Member of the Abgeordnetenhaus of Berlin
- Incumbent
- Assumed office 2023

Personal details
- Born: 1990 (age 35–36) Germany
- Party: Christian Democratic Union
- Alma mater: University of Mannheim Humboldt University of Berlin

= Lucas Schaal =

German politician (born 1990)

Lucas Schaal (born 1990) is a German politician from the Christian Democratic Union of Germany (CDU) and has been a member of the Abgeordnetenhaus of Berlin since 2023.

== Biography ==
Schaal graduated from the Bischöfliches Cusanus-Gymnasium in Koblenz in 2009. He studied economics at the University of Mannheim until 2012 and subsequently law at Humboldt University of Berlin from 2013, completing his first state examination in 2018. From 2019 to 2021, he completed his legal traineeship at the Brandenburg Higher Regional Court.

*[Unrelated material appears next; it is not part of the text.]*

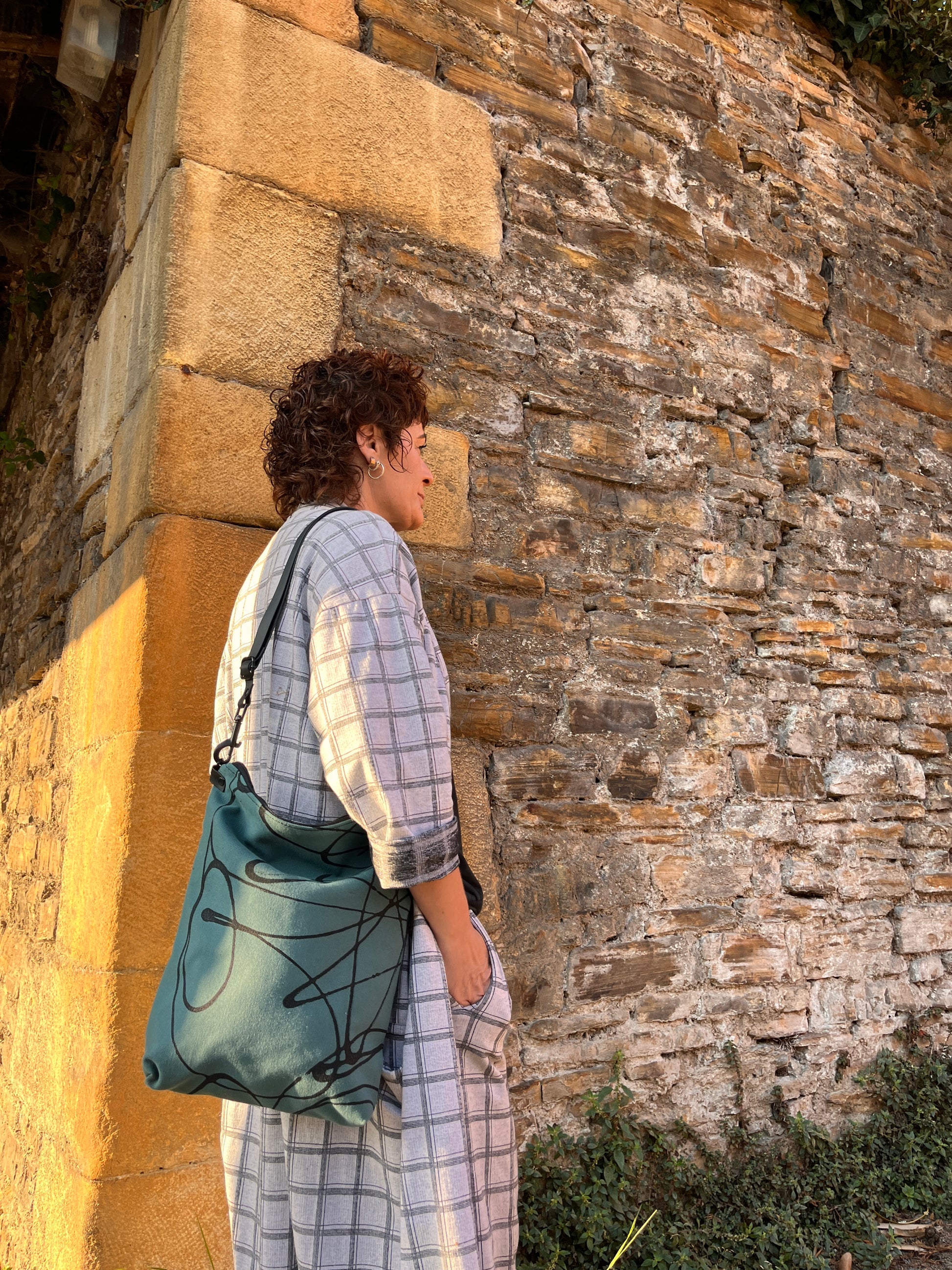 El bolso Sarea es una pasada. Espectacular en lo estético y muy cómodo y versátil para el día a día. Elegante y potente. Fue difícil elegir el color, ya que me encantan las diferentes combinaciones, pero he acertado con el verde: cañero y muy ponible. Una vez más, muy contenta con las creaciones de Jone.

From 2012 to 2016, Schaal was a research assistant in the German Bundestag, from 2019 to 2020 a research assistant in an international law firm, and from 2022 to March 2023 personal advisor to Friedrich Merz as chairman of the CDU/CSU parliamentary group in the German Bundestag.

== Political career ==
Schaal was elected to the board of the CDU local branch Brandenburg Gate in 2016. Since 2017, he has been chairman of the Young Union Berlin-Mitte. In 2019, he became a member of the CDU Berlin state board. He is also an assessor on the board of the SME and Economic Union in Berlin-Mitte.

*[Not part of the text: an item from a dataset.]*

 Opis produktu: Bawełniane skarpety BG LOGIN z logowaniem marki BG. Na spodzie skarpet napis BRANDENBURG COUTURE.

After being unsuccessful in the 2021 Berlin state election, Schaal won the direct mandate in the Mitte 2 constituency in the 2023 repeat election with 24.9% of the first-preference votes. He thus succeeded Max Landero.

== Positions ==
Regarding Berlin's transport senator Bettina Jarasch's plans to close Friedrichstraße to car traffic, Schaal said: "This feels like a bad joke. They talk about a piazza and then they just put plywood furniture in the street. There's no overall concept at all."